When assessing erosion risk at the local and regional levels, GIS become important and powerful tools ^[46]. According to Mati and Veihe ^[21], the application of GIS has increased in the last decade with the availability of digital data, cheaper and more user-friendly software, and the need to handle large spatial databases. Multi-temporal, high-resolution, remotely sensed data and GIS have been used extensively to monitor environmental changes and to map land cover changes on local, regional, and global scales ^[47,48,49]. These have helped in land use planning and the sustainable management of resources ^[50,51].

Using GIS, the potential erosion of the catchment was estimated with the help of ArcGIS 10.3. The equation was executed using spatial information about the Concordia catchment, such as GPS points and drainage vectors. Aerial photogrammetric products (elevation, surface, and imagery) with 1-meter resolution of the place were also used. However, for processing purposes all data were processed with spatial resolution of 10 meters in raster format because not all information has the same resolution. Rainfall erosivity (R) was calculated using 10 pluviographs located in the study area. For this study, rain gauges were separated according to different altitude classes (300-450, 450-600, 600-750, and 750-900 meters). Each soil sampling point (135) received an R value referring to its altitude. An erosivity raster for each season (summer, fall, winter, and spring) was created using the geostatistical analyst tool from ArcGIS using the Kriging interpolation method.

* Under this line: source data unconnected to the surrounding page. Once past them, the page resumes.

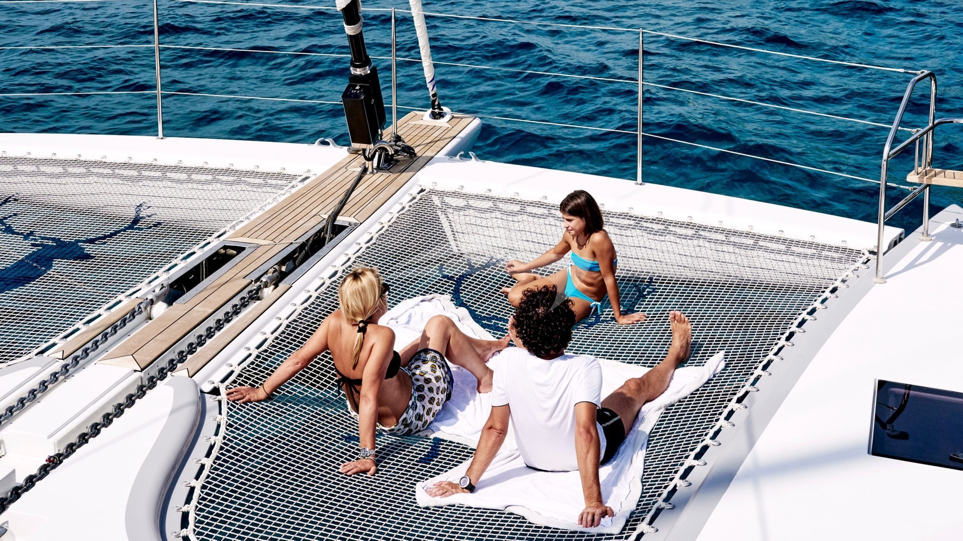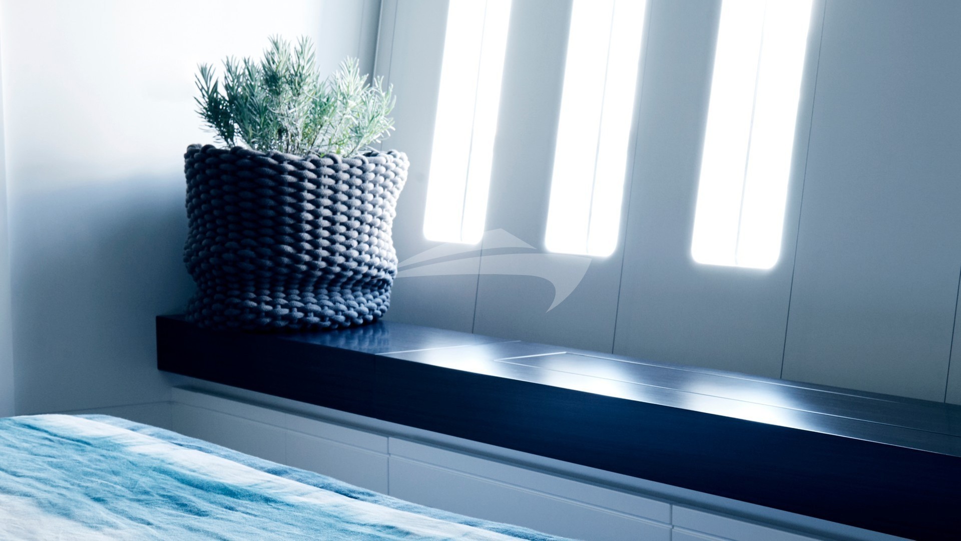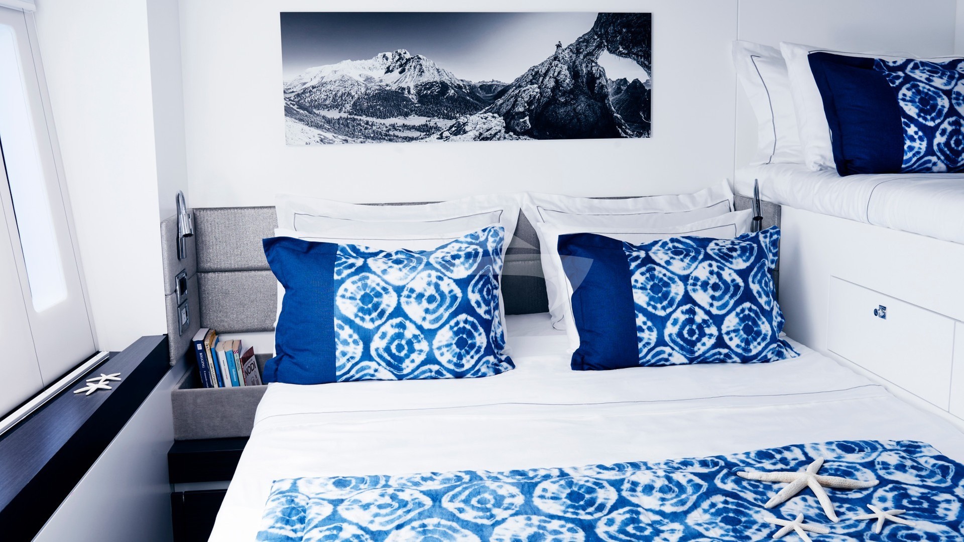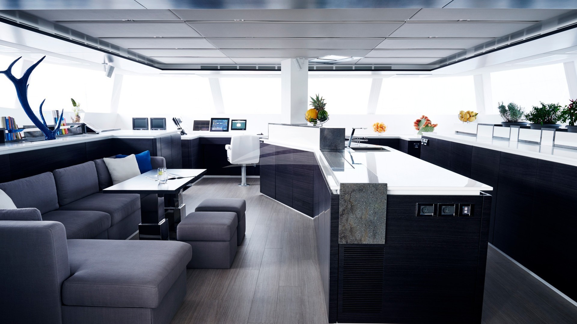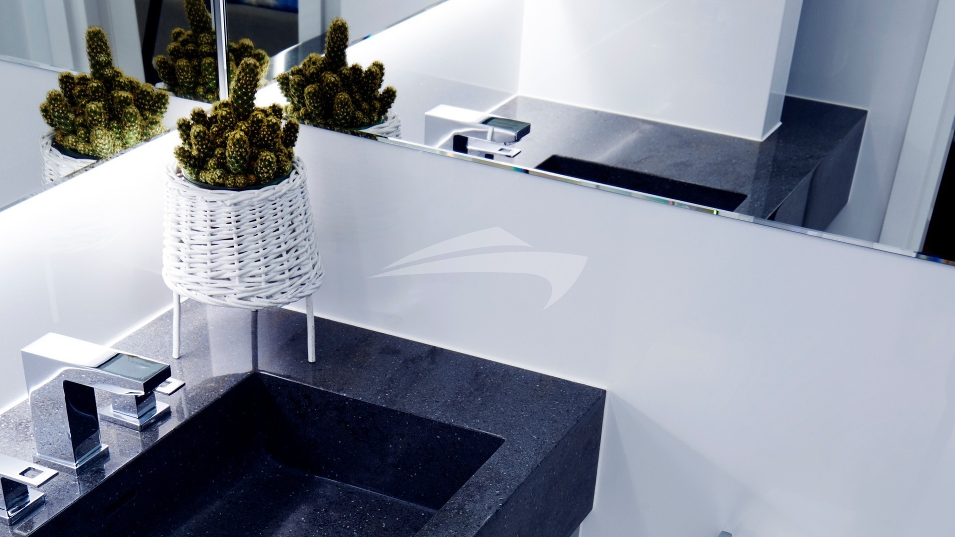 The catamaran can accommodate up to 8+2 guests in four separate spaces in the hulls including 2 deluxe cabins and 2 VIP cabins. Each of them designed to the smallest detail to bring comfort and pleasure. All decorative elements in the VIP cabins are 100% pure Italian linen, strongly desired by the owners, like pillows and a bottom quilt. Their inspiration were the colors from the Mediterranean and the Caribbean Sea as well as the blue sky. The result: the perfect high quality fabric shades of blue, aquamarine and white. A superior level of luxuriousness is also achieved thanks to shimmering silver headboards. The cabins are equipped with comfortable king-size beds, wardrobes and retractable TV’s.Thanks to spacious windows guests can wake up in the morning sun and go to sleep in the star light. The two deluxe guest cabins comprise two single (convertible) beds and a bunk bed to the wall that is ideal for children.Their designs have a common thread with the fabric of the VIP cabins incorporating shades of blue and aquamarine and noble shades of grays and silver colors for the headboards. Each room has its own ensuite spacious bathroom in gray Lava Rock.
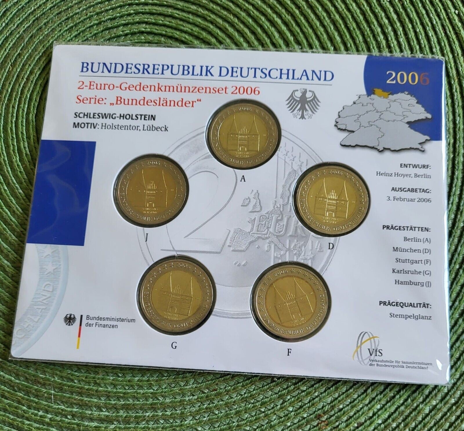 2 € Niemcy x5 Szlezwik Holsztyn 2006 ADFGJ oficjalny unc
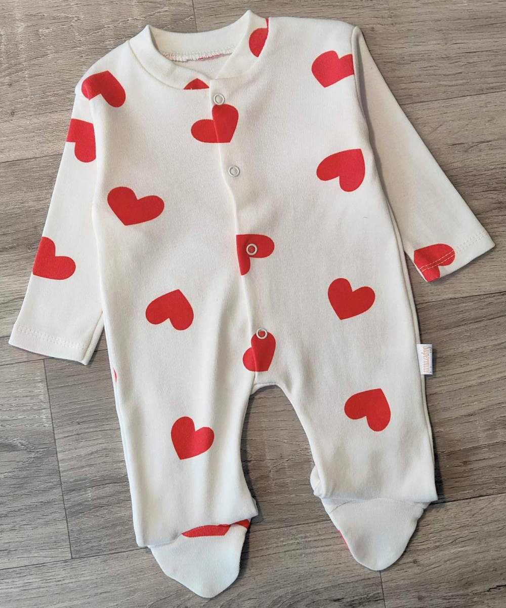 Чоловічок «Сердечки» червоний, дівчинка 0-3-6 місяців оптом уп. - 3 шт.
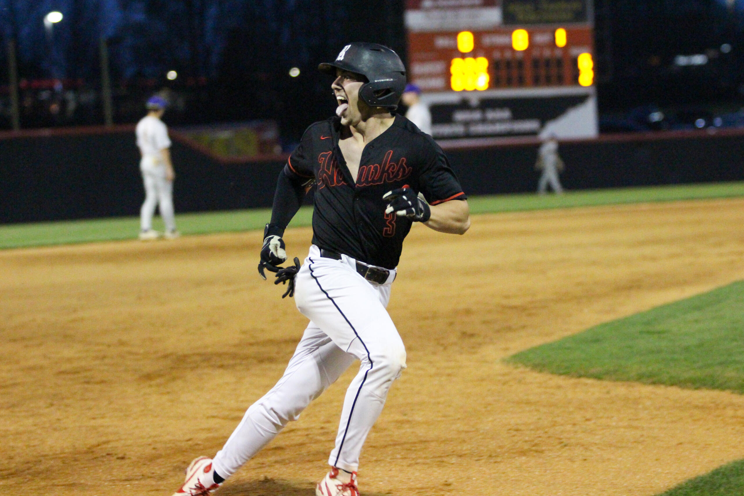 A few innings later, in the bottom of the fifth, the Hawks scratched three more runs across the plate to tie the game. With a 1-2 count, two outs, and the bases loaded, right fielder Jordan Akins awaited the pitch that never came, as the game was suspended and eventually postponed due to the weather.
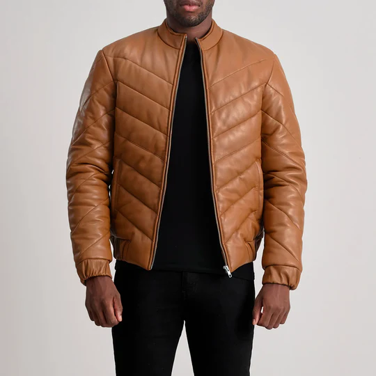 The Travis Tan Leather Puffer Jacket brings winter warmth with a bold, clean finish. Made from genuine sheepskin leather, it features angled quilted puffer paneling that adds structure while locking in heat. The rich tan tone gives a premium modern look, and the stand collar keeps cold air out for everyday winter comfort.
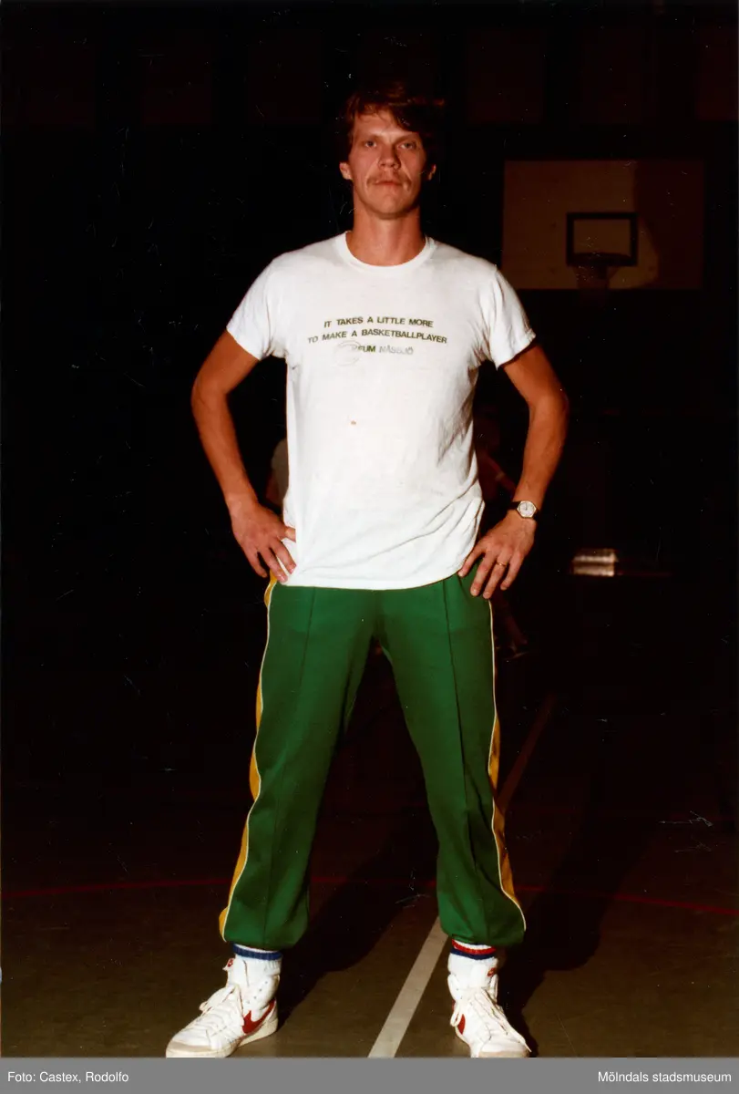 Porträtt av ledare i Kvarnby Basket. Fotografi taget i en idrottshall i Mölndal, år 1983.
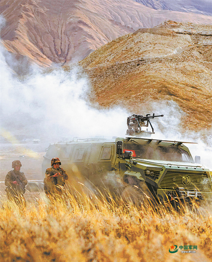 迢迢天路,一辆辆战车时而快速机动,时而疏散隐蔽。到达预定地域后,官兵们迅速抢占阵地,紧张投入战斗准备。侦察分队放飞无人机实施战场侦察,将信息实时传至指挥所。指挥员分析研判“敌”情后,下令使用某型速射迫击炮对目标实施压制。随即,一枚枚炮弹呼啸出膛,目标区域硝烟弥漫、火光冲天。
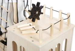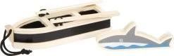 Ahoi ihr Seeräuber! Dieses detailreich gestaltete Piratenschiff aus robustem Holz lässt mit seinen vielen authentischen Details keine Wünsche offen! Das umfangreiche Spielset umfasst neben dem geräumigen Zweimaster auch ein Beiboot zum Rudern für zwei Biegepuppen, einen Hai, einen Papagei, eine Schatzkiste, eine Kanone sowie zwei Fässer, eine Planke und natürlich eine Piratenflagge. Wie bei einem echten Segelschiff lassen sich alle Segel an Seilen hissen und bergen. Für die Extraportion Spielspaß sorgt die Kanone, die ihre drei Kanonenkugeln aus Filz durch die Luft fliegen lässt!
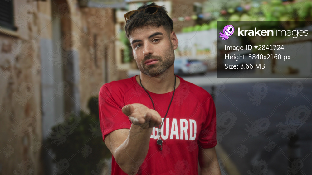 Man lifeguard in red shirt holds palm out on old town street with stone building behind; invitation.
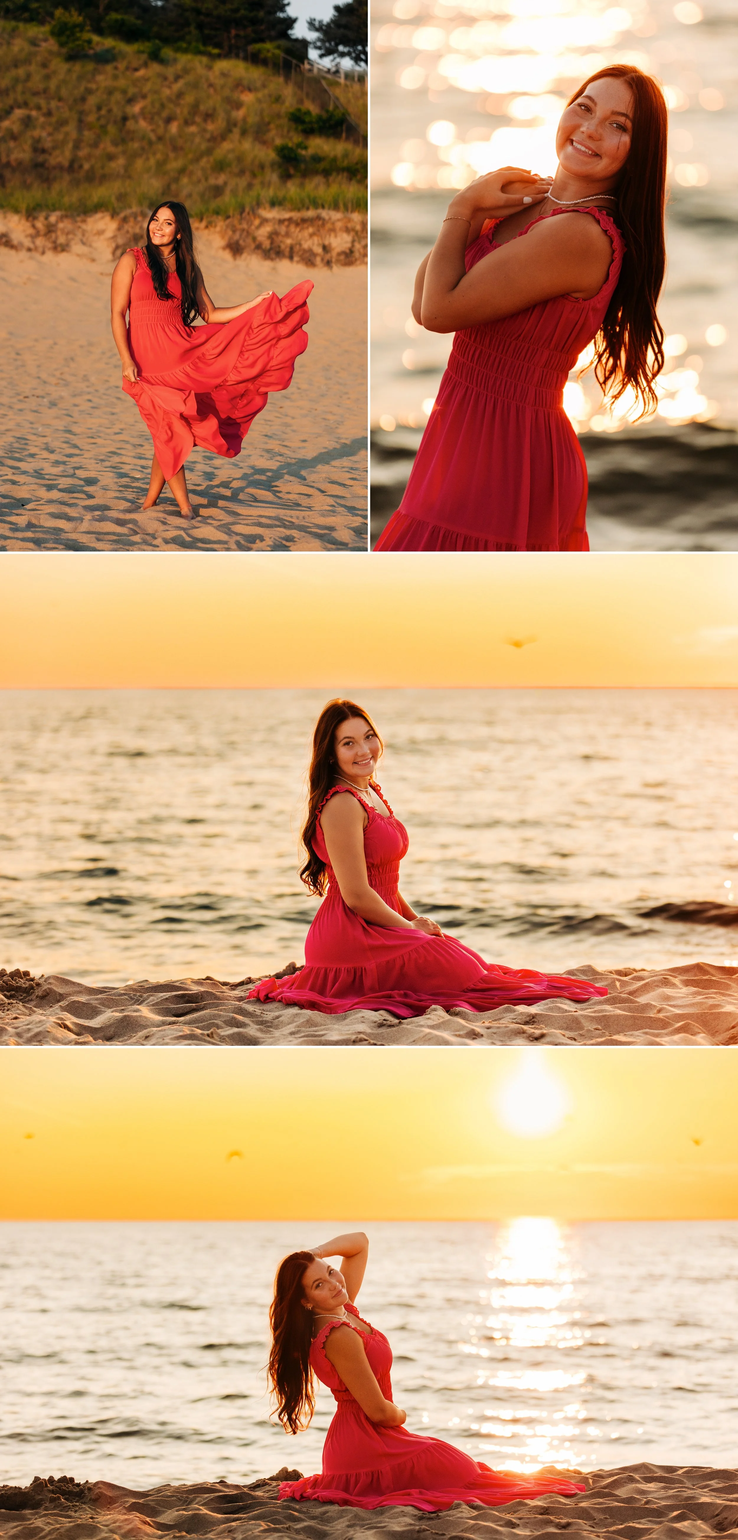 We started Ellieβs session at a gorgeous location with flower fields, a cute red barn, and a pretty wooden bridge. I absolutely LOVED Ellieβs overalls with her pink converse!! It was such a fun, adorable outfit! Afterwards, we headed to Holland for some gorgeous beach photos on Lake Michigan! All of Ellieβs outfits were perfect again, but I especially loved her pink dress! The color and movement of her dress with the colors of the sunset was incredible. Iβm so happy that Michigan gave her such a beautiful sunset while she was in town!! We had the perfect day for her senior session and it was SO much fun! It was so, so incredible of Ellie to travel across the country for her senior pictures with me. Iβm so happy she did because it was so lovely to meet her, we had such a fun time!!

The erodibility (K) was obtained based on soil samples of the catchment and the granulometric composition of the soil. A triangulated irregular network (TIN) was created with spatialized values of samples. The topographic factor (LS) was calculated based on the digital elevation model (DEM) from the aerial photogrammetric survey. The fill, flow direction, and flow accumulation tools were run, and the slope of the catchment was generated, using the MapAlgebra tool (Raster Calculator) in processing the equation (10). The LS raster was generated following this:

$LS = {\left( {\frac{{“flow{_{acc}}”*[spatial.resolution]}}{{22.1}}} \right)^{0.4}}*{\left( {Sin\left( {“slope”*0.01745} \right)/0.09} \right)^{1.4}}$

(10)

A simplified classification was executed to derive the plant cover factor (C) and specific erosion control practices (P). Using color aerial photography (RGB) through the image classification tool, classes of samples were selected: Native Forest/Forestry, Agriculture/Pasture, and Bare Soil/Urban. The maximum likelihood classification algorithm was used. Conversion tools were used to join classes (polygons) in single information for subsequent insertion of C and P values in the attribute table (Table 5).

With all USLE variables (R, K, LS, C, and P) we used the Raster Calculator tool to estimate potential erosion in each cell (pixel resolution 10 m × 10 m) in the catchment. With the thematic map performed, vulnerability classes were reclassified using the automatic classifying tool from ArcGIS 10.3 through the Geometrical Interval method. This method creates class breaks based on class intervals that have a geometric series. The geometric coefficient in this classifier can change once (to its inverse) to optimize the class ranges. The algorithm creates geometric intervals by minimizing the sum of squares of the number of elements in each class. This ensures that each class range has approximately the same number of values with each class and that the change between intervals is fairly consistent.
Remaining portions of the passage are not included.